A resturant offers a buffet dinner at group prices.It costs $10 for one person,$20 for two,$29 for three, $37 for four,$44 for five and so on.
A)how much does a buffet dinner for 8 cost?how much does a group of eight save if it's members eat together rather than alone.
B)the buffet costs the restaurant $6 per person.
How large a group can the restaurant serve without losing money?
P.S I came up with A.
Please and thank-you
Ok we have some kind of sequence that goes
10,20,29,37,44 for the first 5 terms.
It looks like the n-th term is given by
(1) n*10 -((n-2)(n-1))/2
At least this would be one expression to generate the sequence. I don't know if your text/teacher made you aware that through any finite set of data points there are an infinite number of functions. The expression (1) I gave would probably be the most 'natural' one we could use. To answer part A) put in 8 for n in (1) and calculate.
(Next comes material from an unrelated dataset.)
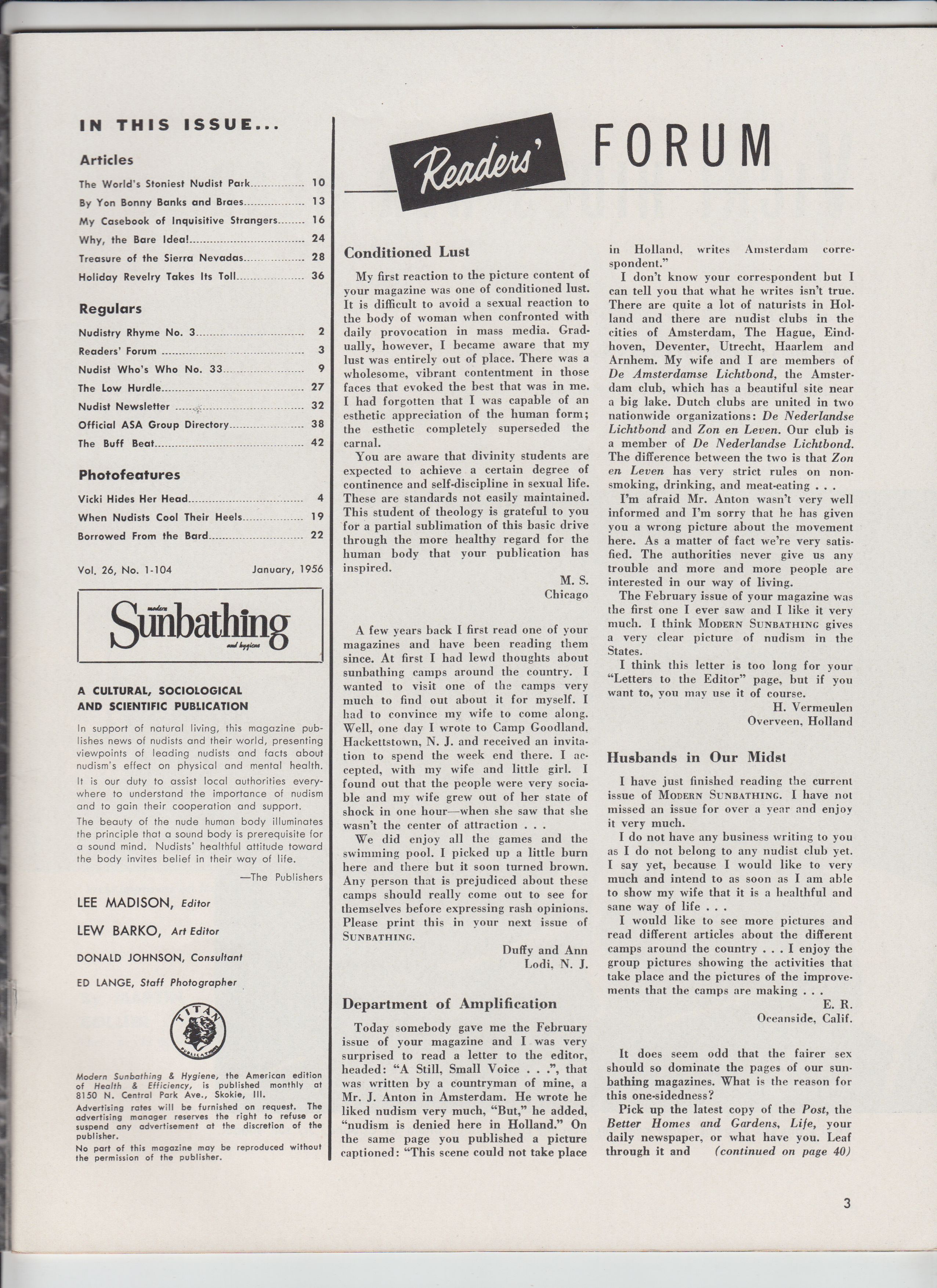MODERN SUNBATHING AND HYGIENE Vol. 26 #1 (, January, 1956)
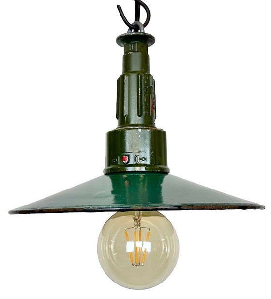 Industrial petrol enamel pendant light made in Poland during the 1960s. White enamel inside the shade. Green cast aluminium top. The socket requires standard E 27/ E26 light bulbs. New wire. The weight of the lamp is 0.5 kg.

For part B) we know that the amount of revenue per group is given by (1). The cost is 6/person, thus use expression (1) - 6n = net profit. Since we want this greater than 0 set (1) - 6n => 0 and solve for n. Use the last n for which it is positive.
Hint: make a table and calculate n for the first dozen terms or so. I did not get twelve, so don't think this a short-cut.
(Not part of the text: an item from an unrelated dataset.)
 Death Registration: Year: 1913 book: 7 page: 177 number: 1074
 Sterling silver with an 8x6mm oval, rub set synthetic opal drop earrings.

A) To find out how much a buffet dinner for 8 people costs, we can use the expression (1) given: n*10 - ((n-2)(n-1))/2.
Substituting n = 8 into the expression, we get:
8*10 - ((8-2)(8-1))/2
= 80 - (6*7)/2
= 80 - 21
= $59
Therefore, a buffet dinner for 8 people would cost $59.
To calculate the savings if the members eat together rather than alone, we need to find the difference between the total cost if they eat together and the total cost if they eat individually.
If each person eats alone, the total cost would be 8*$10 = $80.
But if they eat together, the total cost is $59.
So, the group of 8 people would save $80 - $59 = $21 by eating together.
B) The cost for the restaurant per person is given as $6.
To find out how large a group the restaurant can serve without losing money, we need to determine the net profit. The net profit is calculated as the revenue (given by expression (1)) minus the cost per person ($6n).
Setting (1) - 6n greater than 0, we have:
n*10 - ((n-2)(n-1))/2 - 6n > 0
Now, we need to solve this inequality to find the largest value of n for which it holds true.
One way to approach this is by creating a table and calculating the net profit for various values of n. Start with small values of n and increment it gradually until the net profit becomes negative. The last value of n for which the net profit is positive is the maximum group size the restaurant can serve without losing money.
Note: Unfortunately, without having the values of the additional terms in the sequence, we cannot determine the exact group size the restaurant can serve without losing money.